Эдуарда воспользовалась этим и в два прыжка очутилась на корме, чтобы взять в свои руки управление лодкой, подкрепив приглашение Жулио словами:

— Давай, Зе. Сейчас наш черед.

Зе Мария нехотя встал.

— Я только что намеревался вздремнуть, что, конечно, взбесило бы нашего благородного Сеабру, будь он здесь…

— У тебя еще есть время. Там, в чаще леса… — намекнула Эдуарда. И принялась напевать вполголоса. Как-то давным-давно она увидела на киноэкране негра с изумительным голосом, певшего о своих горестях и своем бунтарстве на корме судна, бороздившего одну из этих сказочных рек Америки, и песня сказала ей больше, чем все перипетии фильма, С тех пор река всегда напоминала ей о музыке, музыке непритязательной и тоскующей.

Жулио, обращаясь к Зе Марии, опросил:

— Поэт Тадеу сказал тебе что-нибудь о журнале?

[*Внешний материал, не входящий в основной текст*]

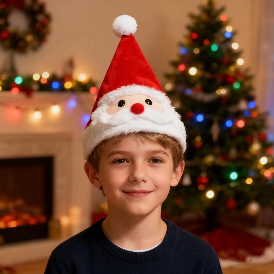 Yousheng Weihnachtsmannmütze Weiche Plüsch Weihnachtsmütze mit Licht-Ton-Show Elastisches Band Weihnachtsmütze Kostümzubehör Feiertagsparty Geschenk

— Уклонился. Он еще не забыл, что несколько раз угощал меня аперитивами в обмен на обещание написать о нем статью. Когда я спросил его: «Как ты находишь эту вещь?» — он небрежно ответил мне: «Свежа, мой дорогой, свежа». Я даже подумал, что он говорил о салате или о чем-нибудь в этом роде… Он воспользовался этим словечком огородника, чтобы не скомпрометировать себя. Кажется, опасно говорить о «Рампе»; один журналист сказал мне, что в данном случае речь идет о «крамольной литературе».


Лицо Жулио приняло задумчивый вид. Он присел на корточки возле Марианы, и она почувствовала его дыхание.

Навстречу проплыло другое суденышко, набитое бревнами, с парусами, наполненными ветром. Эдуарда махнула ему рукой и так повернула руль, что лодка зацепила кусты на берегу. Мариана сорвала цветок, похожий на колокольчик, и подула внутрь, между лепестками. Жулио нежно провел рукой по ее волосам, его глаза смотрели на нее с лаской, смущавшей ее.

— Греби все время, — попросила Мариана. — Пока река позволит, далеко, далеко.

Зе Мария что-то буркнул, и, было непонятно — не то от недовольства, не то в знак согласия. Она продолжала:

— Чего бы мне хотелось, так это чтобы река унесла нас как можно дальше.

— Я представлю тебя поэту Тадеу. Он сможет оценить твою романтическую жилку. У тебя есть преимущество — невзрывной характер, хотя и ты не свободна от опасностей. Опасностей другого рода…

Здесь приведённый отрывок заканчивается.